Assuming a Unix/Linux environment (including a GSL implementation), the above code can be compiled from the Unix shell with a command like:

gcc -O2 -lgsl -lgslcblas standalone.c -o standalone

and run with a command like:

./standalone 10000 500 1 > data.tab

The first command-line argument is the number of iterations required, and the second is the “thin” to be applied to the output. The third argument is the “seed” to be applied to the GSL random number generator (RNG). This allows different (not quite independent – see my post on parallel MCMC for details) runs to be obtained by selecting different seed values. The simplest way to call this code from within an R session is to call this unmodified executable using the R system() command. A small “wrapper” function to do this is given below.

standalone<-function(N=10000,thin=500,
             seed=trunc(runif(1)*1e6),
             exec=file.path(".","standalone"),
             tmpfile=tempfile())
{
  command=paste(exec,N,thin,seed,">",tmpfile)
  system(command)
  read.table(tmpfile,header=TRUE)
}

Note the use of the file.path() and tempfile() R functions in a (probably vain!) attempt to make the code somewhat portable. Just running standalone() from an R session should then return a data frame containing the MCMC output. I gave some commands for analysing this output in a previous post. This approach to calling external code is very simple and crude, and quite generic (it is not specific to C code at all). However, it is very quick and easy to implement, and in many cases quite efficient. There is a considerable computational overhead in executing the system command and parsing output files from disk. However, if the code being called is very computationally intensive and relatively slow (as is typically the case), then this overhead can often be negligible, rendering this approach quite practical.

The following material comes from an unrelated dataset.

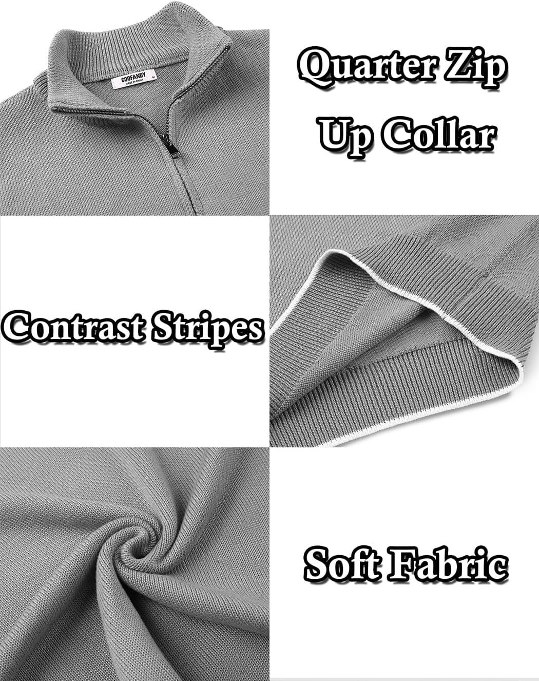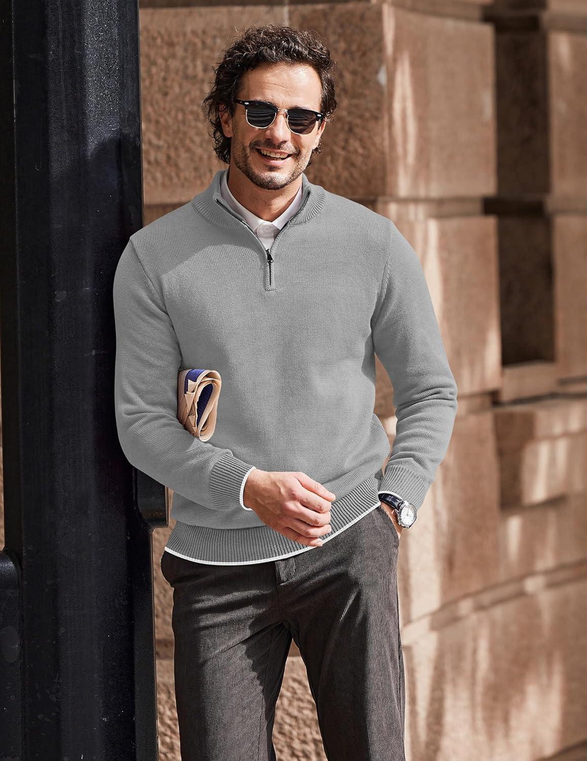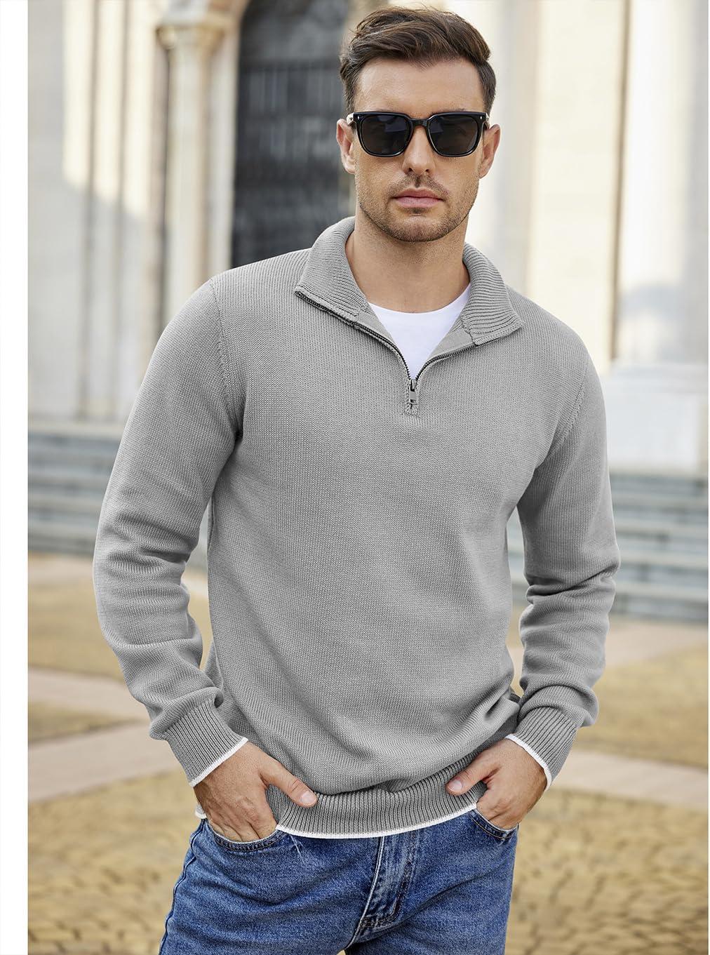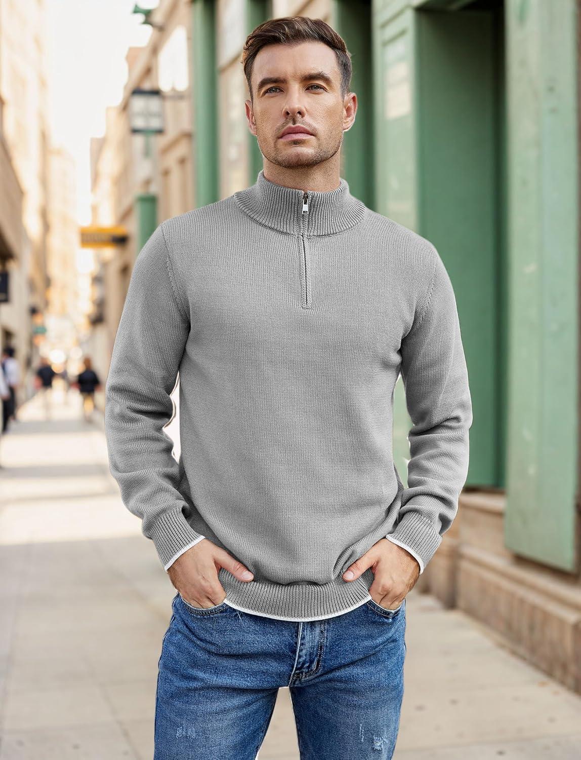 COOFANDY Men’s Quarter Zip Up Pullover Slim Fit Lightweight Mock Neck Long Sleeve Sweaters(Light Gray)

Building and linking to a shared library

If one is really keen to avoid the overhead of executing an R system command, then it is necessary to compile the required C code into a shared library (or DLL), and link this code into R where it can be called directly via R’s foreign language interface. Below is a version of the previous C code modified to make it appropriate for calling from R.

#include <stdio.h>
#include <math.h>
#include <stdlib.h>
#include <gsl/gsl_rng.h>
#include <gsl/gsl_randist.h>
#include <R.h>

void gibbs(int *Np,int *thinp,int *seedp,double *xvec,double *yvec)
{
  int i,j;
  int N=*Np,thin=*thinp,seed=*seedp;
  gsl_rng *r = gsl_rng_alloc(gsl_rng_mt19937);
  gsl_rng_set(r,seed);
  double x=0;
  double y=0;
  for (i=0;i<N;i++) {
    for (j=0;j<thin;j++) {
      x=gsl_ran_gamma(r,3.0,1.0/(y*y+4));
      y=1.0/(x+1)+gsl_ran_gaussian(r,1.0/sqrt(x+1));
    }
    xvec[i]=x; yvec[i]=y;
  }
}

Note that it is only possible to pass pointers from simple R/C data types, and so all function arguments must be pointers. Also note that there is no return value to the function, and that values are retrieved in R by modifying some of the values pointed to by the pointer arguments. This is the mode of operation imposed by the basic method that R provides for calling C code from R (the .C() function). Note that there are other methods for extending R in C, using the .Call() and .External() functions, but these are beyond the scope of this post. Again assuming a Unix/Linux environment, this code can be compiled into a shared library with a command like:

R CMD SHLIB -lgsl -lgslcblas dynamic.c

It can then be loaded into a running R session with a command like dyn.load("dynamic.so"). Again, if we are attempting to write portable code, we might use a command like:

dyn.load(file.path(".",paste("dynamic",.Platform$dynlib.ext,sep="")))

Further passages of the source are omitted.